# WHAT YOU SHOULD DO:
This task calls for the lines below starting at the one containing "- Sherman Zavitz" and ending at the one containing "De print wordt", repeated exactly with both ends kept and pictures left out.

# RAW DATA:
--- START ---
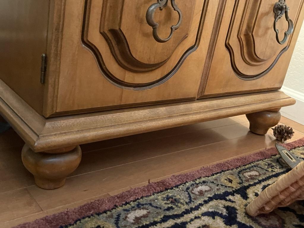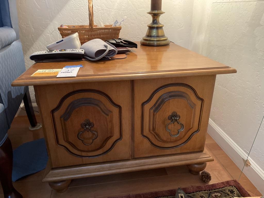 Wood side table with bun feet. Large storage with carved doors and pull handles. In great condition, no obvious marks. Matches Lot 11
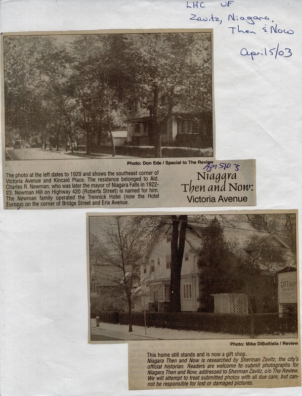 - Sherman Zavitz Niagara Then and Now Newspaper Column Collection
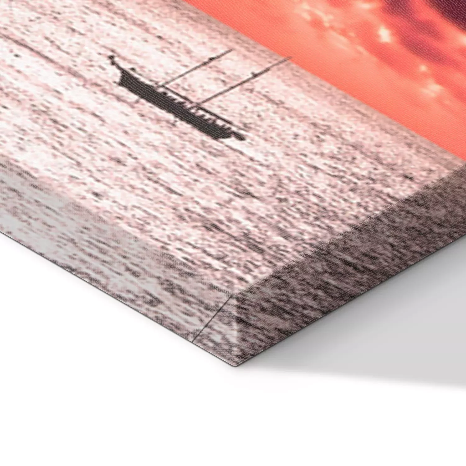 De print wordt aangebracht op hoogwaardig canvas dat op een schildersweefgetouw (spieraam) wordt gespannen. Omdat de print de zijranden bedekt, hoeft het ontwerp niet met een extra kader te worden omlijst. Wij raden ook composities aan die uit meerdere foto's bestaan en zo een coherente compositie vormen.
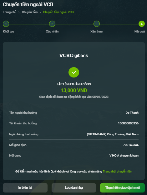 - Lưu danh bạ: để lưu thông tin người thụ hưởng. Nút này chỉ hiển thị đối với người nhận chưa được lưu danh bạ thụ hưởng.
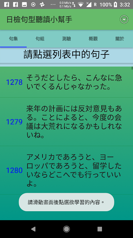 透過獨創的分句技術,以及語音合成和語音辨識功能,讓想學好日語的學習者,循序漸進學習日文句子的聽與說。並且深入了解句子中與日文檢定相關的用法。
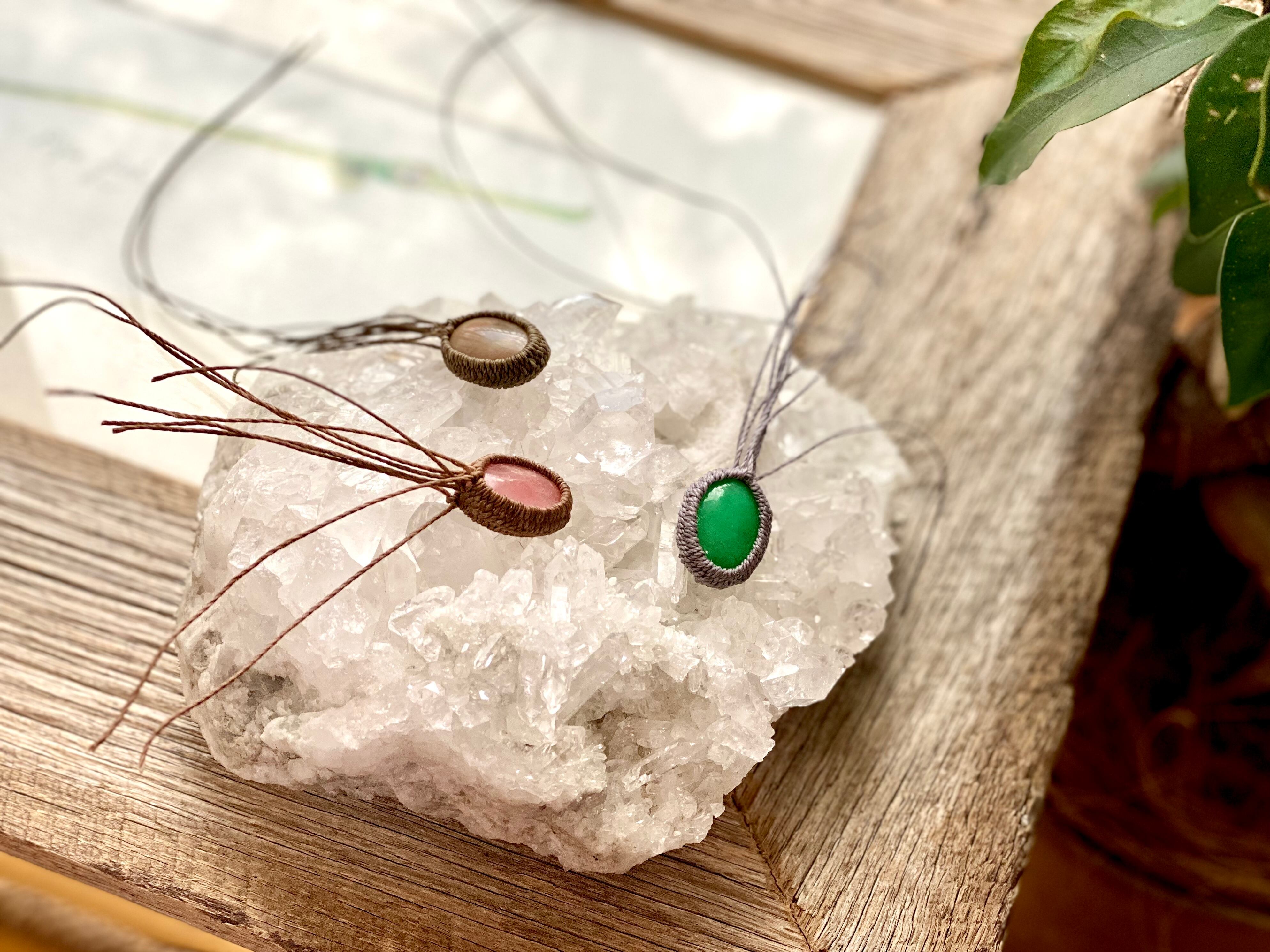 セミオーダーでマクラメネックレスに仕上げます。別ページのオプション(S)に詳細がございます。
--- END ---
# OUTPUT FOR THIS TASK:
 - Sherman Zavitz Niagara Then and Now Newspaper Column Collection
 De print wordt aangebracht op hoogwaardig canvas dat op een schildersweefgetouw (spieraam) wordt gespannen. Omdat de print de zijranden bedekt, hoeft het ontwerp niet met een extra kader te worden omlijst. Wij raden ook composities aan die uit meerdere foto's bestaan en zo een coherente compositie vormen.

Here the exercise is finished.